Recent market volatility, global challenges and low confidence – heightened by the EU referendum and potential economic slowdown – could be discouraging investors from making important financial decisions.
Michelle McGrade, Chief Investment Officer at TD Direct Investing, says this is amplified by a number of misconceptions among consumers and advises on the best approach in the final weeks before tax year end.
"Given all of the noise about market volatility, the sheer number of challenges out there, and misconceptions of their potential impact on investments, it is unsurprising people are unsettled. However, time waits for no-one and investors need to act now in order to make the most of their tax free allowance.
"There are a variety of options available to ensure we don't miss the boat. At the very least, for the more cautious investor, the safest-option is to look at Absolute Return Funds, which aim to deliver positive returns irrespective of market conditions through diversification across a range of asset classes and the ability to short where appropriate."
"To help provide clarity for investors, here's my top five ways to survive market volatility this tax year end:"

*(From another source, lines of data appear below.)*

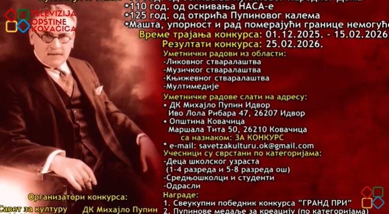 Savet za kulturu opštine Kovačica i Dom kulture „Mihajlo Pupin“ iz Idvora raspisuju 9. konkurs pod nazivom „Mihajlo Pupin – naučnik, rodoljub, humanista“, koji će ove godine biti posvećen temama: „Mašta, upornost i rad pomerajući granice nemogućeg“ i značajnim jubilejima – 90 godina od osnivanja Pupinovog narodnog doma, 110 godina od osnivanja NASA-e i 125 godina od otkrića Pupinovog kalema, javlja RTV Kovačica.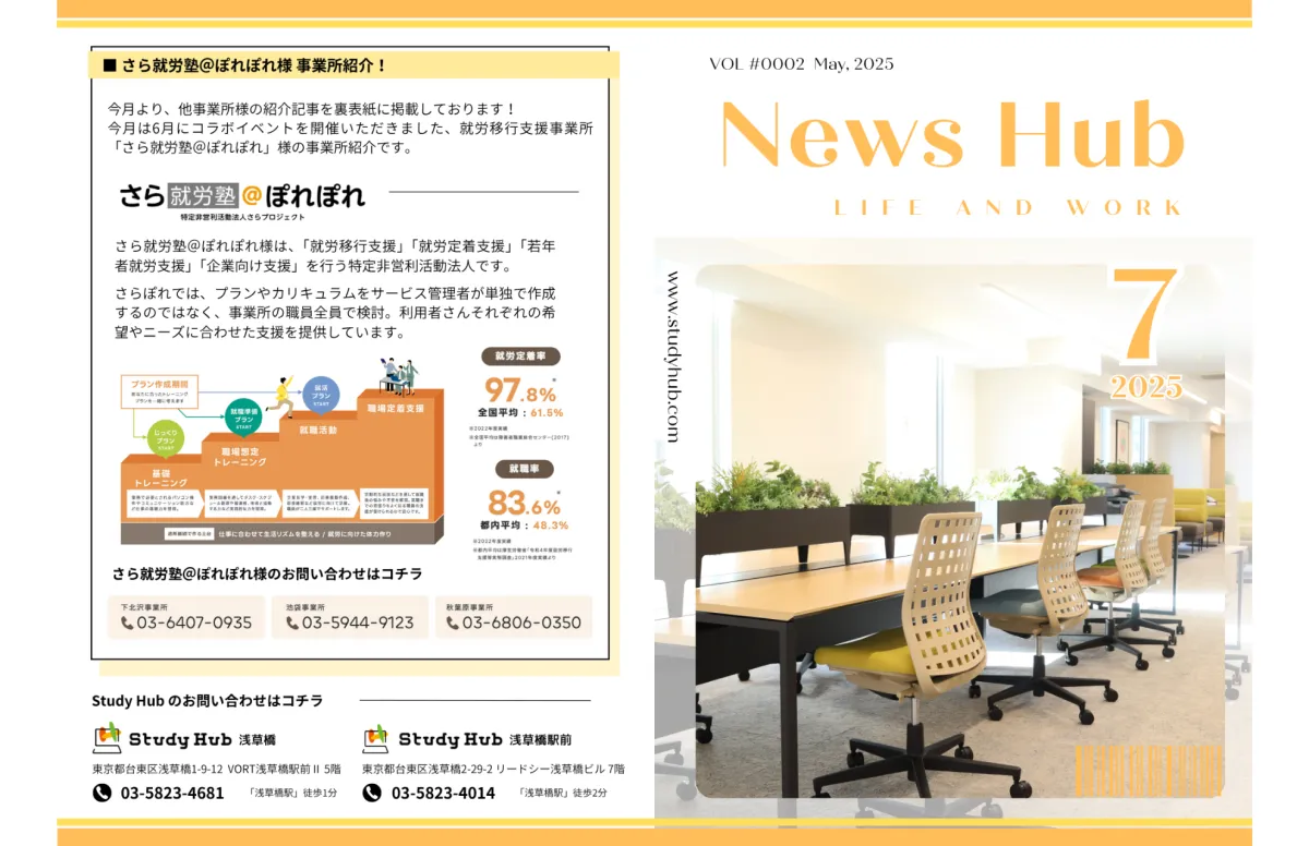 月刊『News Hub』を通じて、より多くの方が就労支援の可能性に気づき、前向きな一歩を踏み出すきっかけとなることを願っています。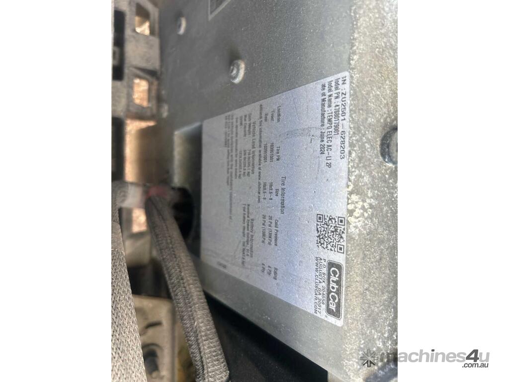 CP: 06/2024,Built: 06/2024,Club Car,Tempo,2 Seat Golf Cart,Battery,Odometer not visible,Hourmeter not visible,Colour: Green,Unregistered,Serial No: ZU,Sold with No Plates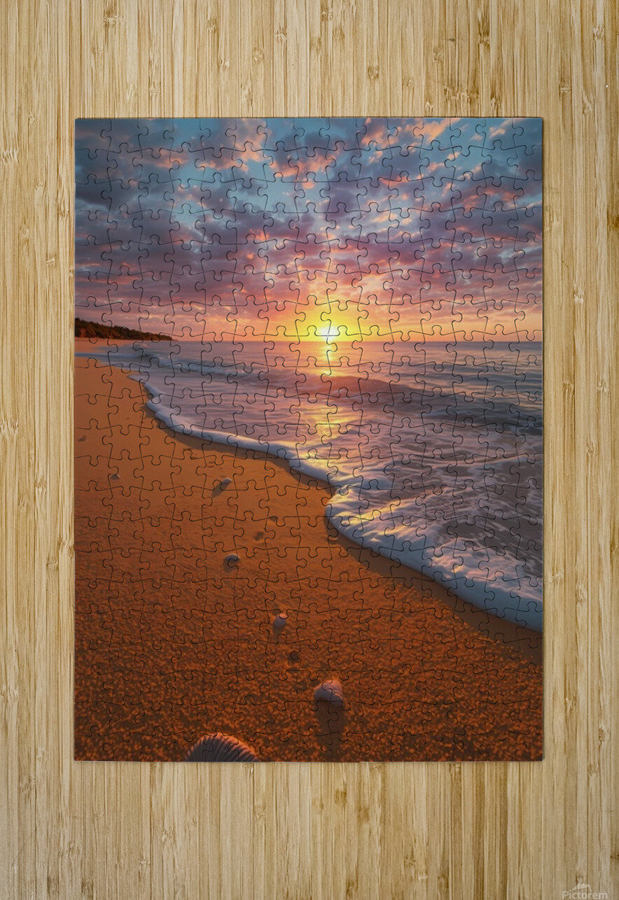Golden Sunrise Beach – Stunning Ocean Waves and Yellow Sand Morning Scene Inspire Art Puzzle printing
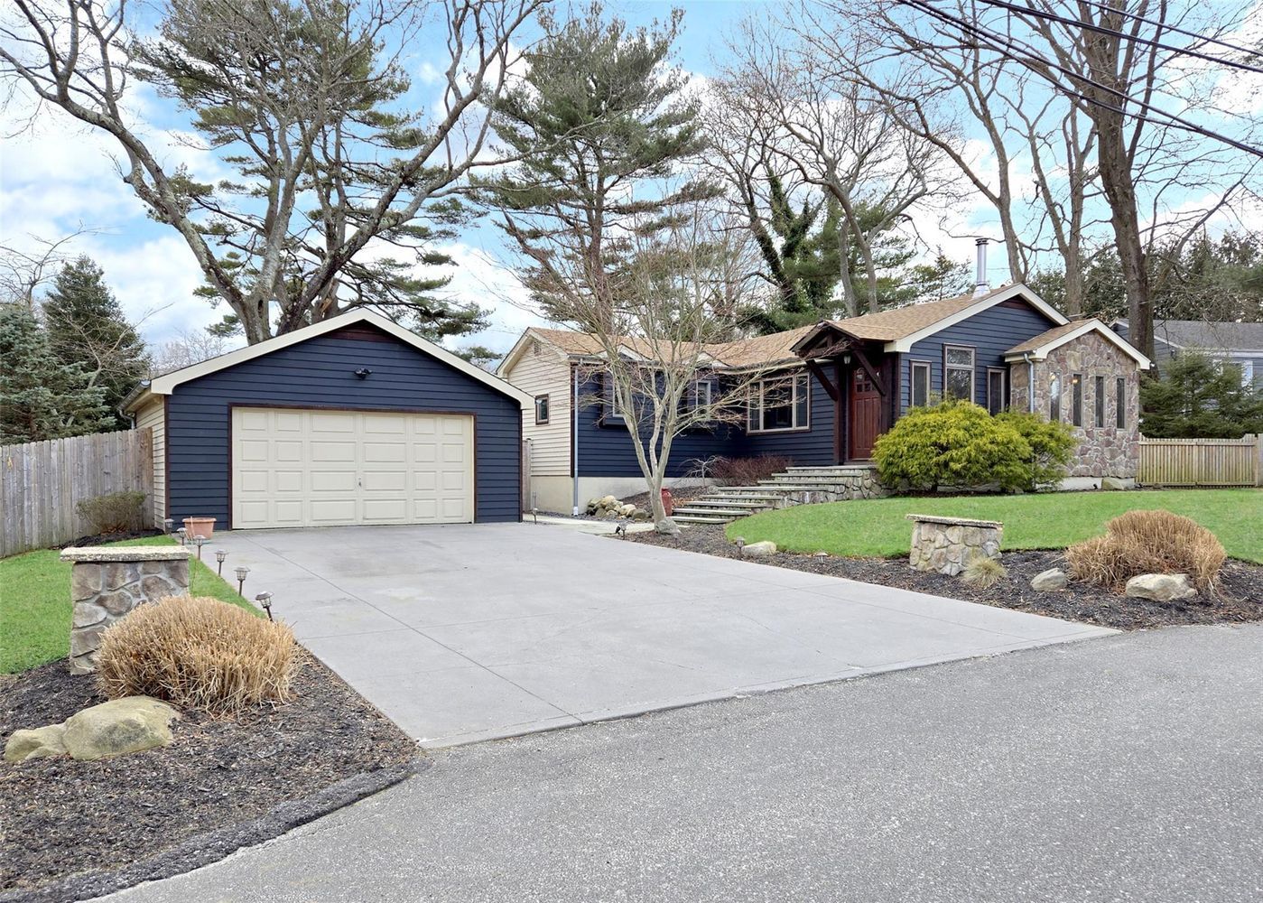 Discover this beautifully renovated ranch in the heart of Lake Grove, where modern elegance meets low taxes! The stunning gourmet kitchen boasts vaulted ceilings, custom cabinetry, chic barn doors, granite countertops, and stainless steel appliances. Unwind in the luxurious primary suite with private patio access and a cozy firepit. Outside, the professionally landscaped, nearly half-acre yard offers the perfect setting for entertaining or peaceful relaxation. This home comes with many premium upgrades, including a new roof, a state-of-the-art air filtration system, central air, a wood pellet stove, surround sound speakers throughout the main level, and custom app-controlled lighting and locks. The full basement, complete with an outside entrance and a French drain, offers endless possibilities for additional living space or storage. Don’t miss this incredible opportunity—make this dream home yours! (square footage is approximate)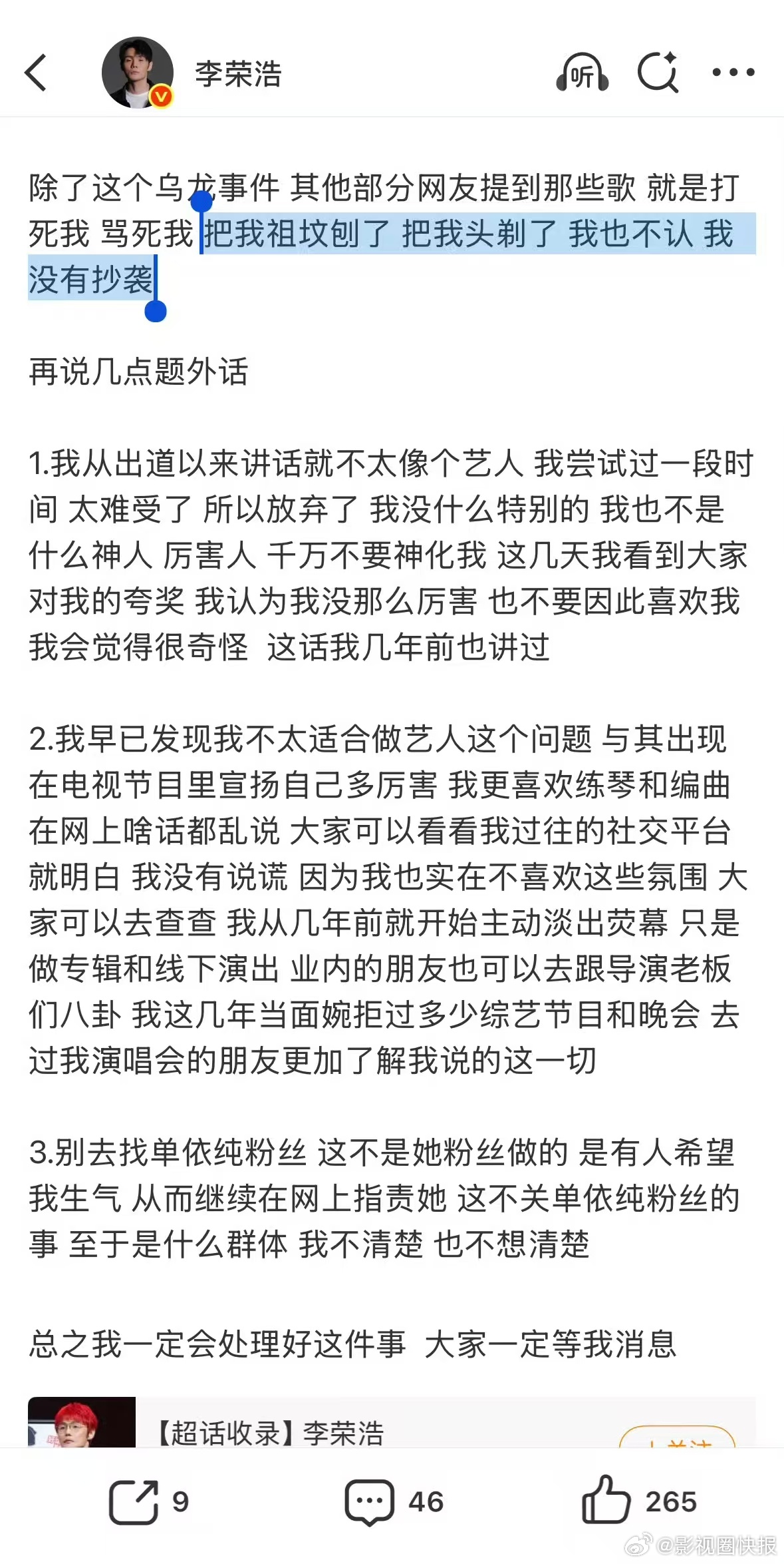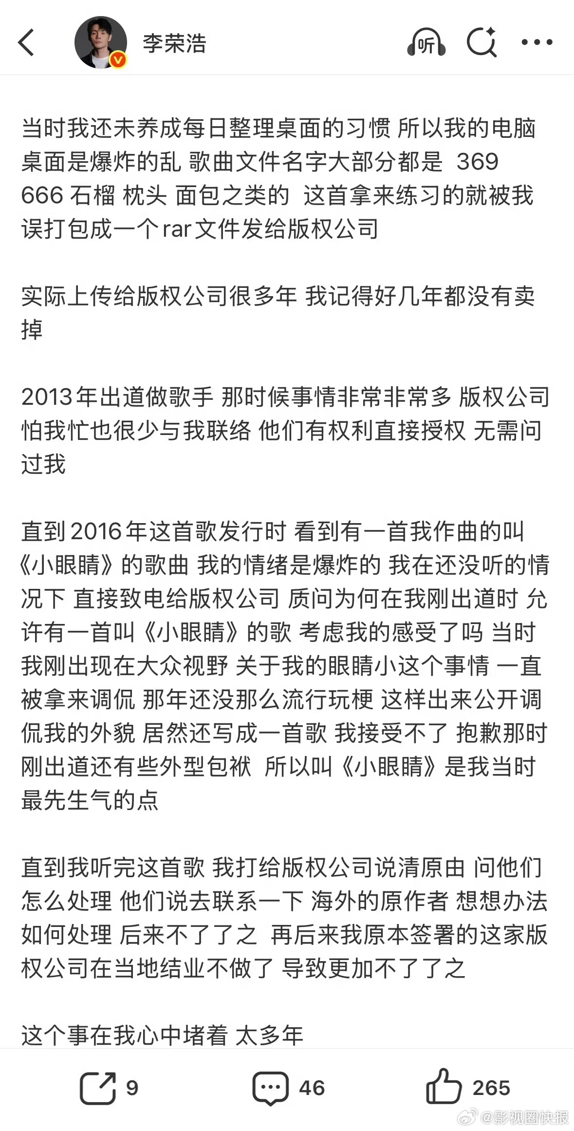 李荣浩眼睛小但不是心眼小正常人都不会刚出道被嘲外貌,还写歌戳自己痛处给别人唱,李荣浩更不会,他眼睛小但不是心眼小、不是缺心眼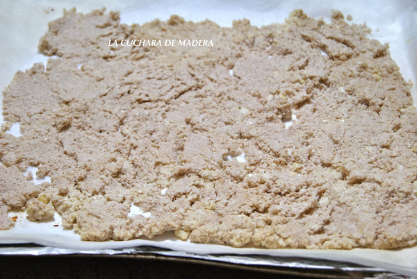 Empezamos extendiendo la pasta de almendras sobre papel sulferizado en una bandeja de horno; encendemos el horno y lo dejamos unos 15 minutos a 160 grados.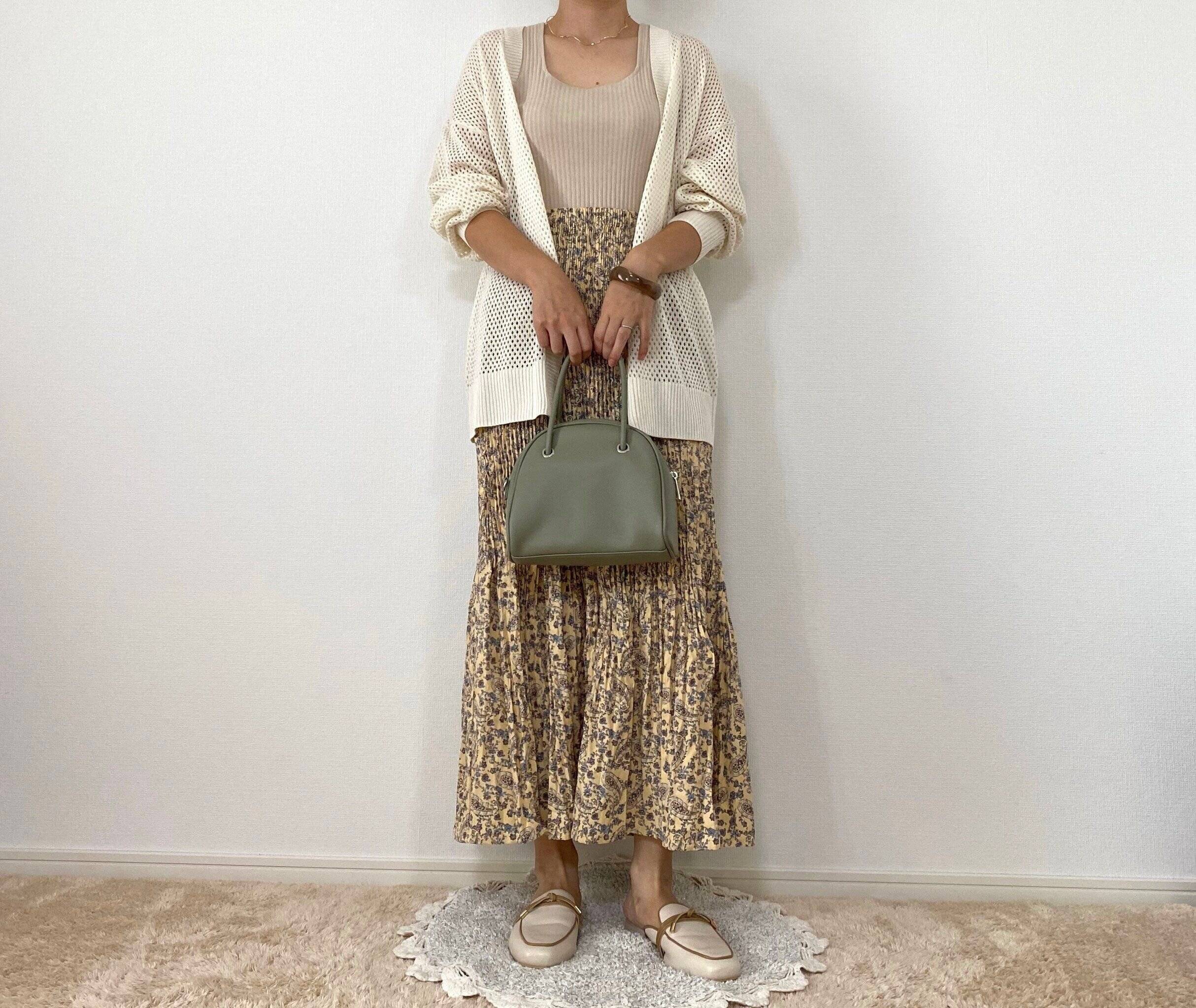 こちらも全体はベージュベースのコーデで同じですが、黄色の花柄スカートと合わせてみました。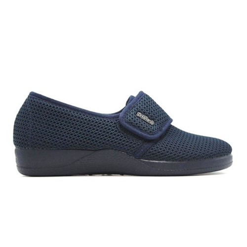 Pantuflas de casa cubiertas de ancho especial, con cuña de 4cm, de la marca DeValverde 1160 azul marino, cierre de velcro, de rejilla, con forro interior en textil y suela caucho natural (latex). Chinela Ideal para mantener tus pies frescos en verano. Zapatilla de casa para mujer, piso con grabado especial rugoso para evitar posibles deslizamientos. Fabricada con tejidos en microfibras y algodón que permiten una constante ventilación. Relleno de corcho natural para una total absorción de los posibles impactos. Respetuosos con la naturaleza. Utilizando materiales que cuidan al máximo posible el medio ambiente. Hecho en España.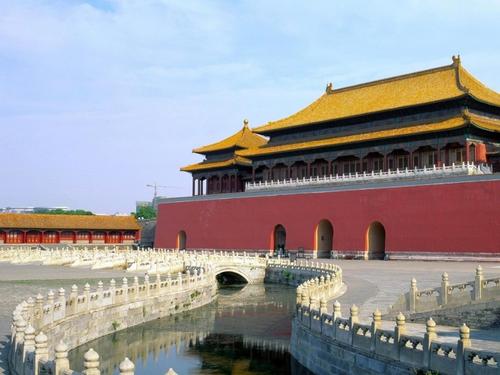 北京故宮于明成祖永樂四年(1406年)開始建設,以南京故宮為藍本營建,到永樂十八年(1420年)建成,成為明清兩朝二十四位皇帝的皇宮。民國十四年國慶節(jié)(1925年10月10日)故宮博物院正式成立開幕。北京故宮南北長961米,東西寬753米,四面圍有高10米的城墻,城外有寬52米的護城河。紫禁城有四座城門,南面為午門,北面為神武門,東面為東華門,西面為西華門。城墻的四角,各有一座風姿綽約的角樓,民間有九梁十八柱七十二條脊之說,形容其結構的復雜。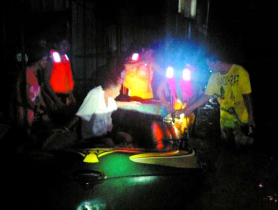 本报讯 记者李伟烽摄影报道:昨日凌晨,因连日暴雨,潮南峡山街道大宅村受灾严重,现场有大量群众被困,请求救援。接到报警后,潮南消防大队立即出动官兵携带橡皮艇、救生衣、救生圈等器材前往现场处置。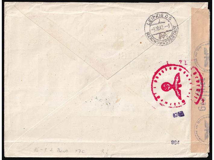 • FDC Crveni Križ 1942 preporučeno upućen iz Zagreba u Leipzig (Njemačka).
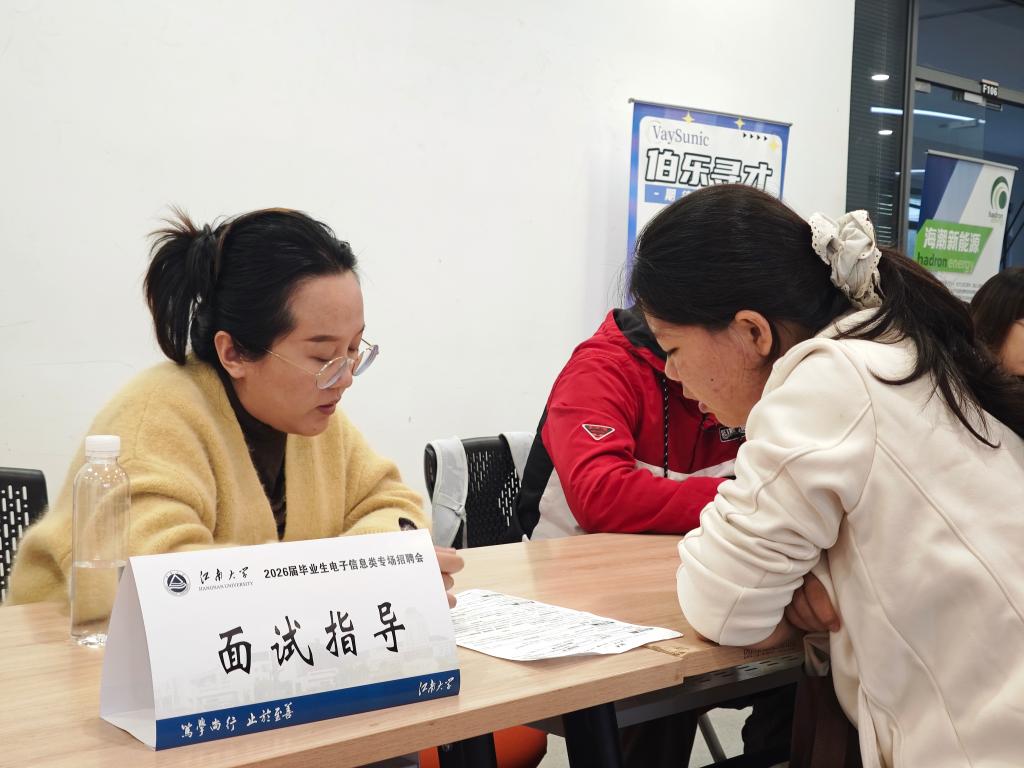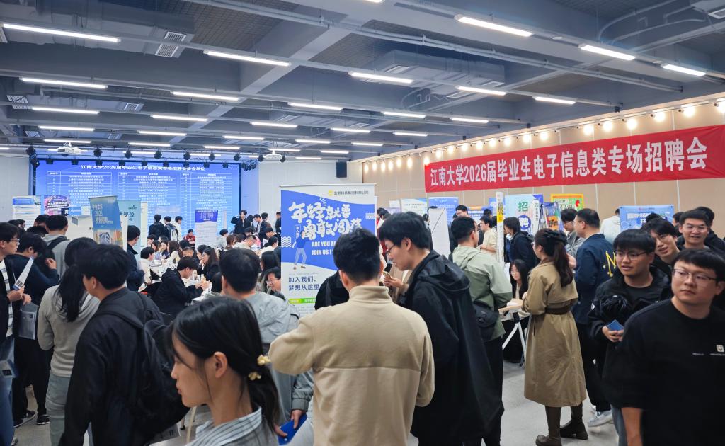 初冬蓄势扬帆起,蠡湖引航共筑梦。11月7日下午,江南大学2026届毕业生电子信息类专场校园招聘会在蠡湖校区北区大学生活动中心F105成功举办。本次招聘会由物联网工程学院、人工智能与计算机学院和集成电路学院联合举办,吸引了包括华为、小米、中国电子科技集团、长虹智能装备、村田电子、中天钢铁、苏南机场集团等66家知名企业、科研院所参与,涵盖物联网、自动控制、电气工程、人工智能、软件工程、集成电路等多个电子信息前沿领域,共提供优质岗位1800余个,吸引了近千名毕业生到场参与。

1. Volatility in the markets is often caused by short-term noise and it has little impact on the long-term performance for most diversified investment portfolios
2. Market volatility does not equal risk – the best long-term investing strategies take volatility into account and, in fact, when markets are volatile it can present buying opportunities – when people are fearful it is time to be brave and invest
3. You only make a loss if you crystallise that loss (by selling). Investors should never sell at the bottom – hold your nerve and stay invested, as I say 'selling on the low will leave you low'
4. Don't try to time the markets, as even professional investors struggle with this. It's the time spent inthe markets that is key. Though do put yourself in a good position to maximise opportunities if they arise – a diversified portfolio, with some cash to take advantage of market movements, is strongly advisable
5. Seek out alternatives to cash. The low interest rate environment means investors must look at alternatives such as equities or Absolute Return Funds that could provide a better return than cash.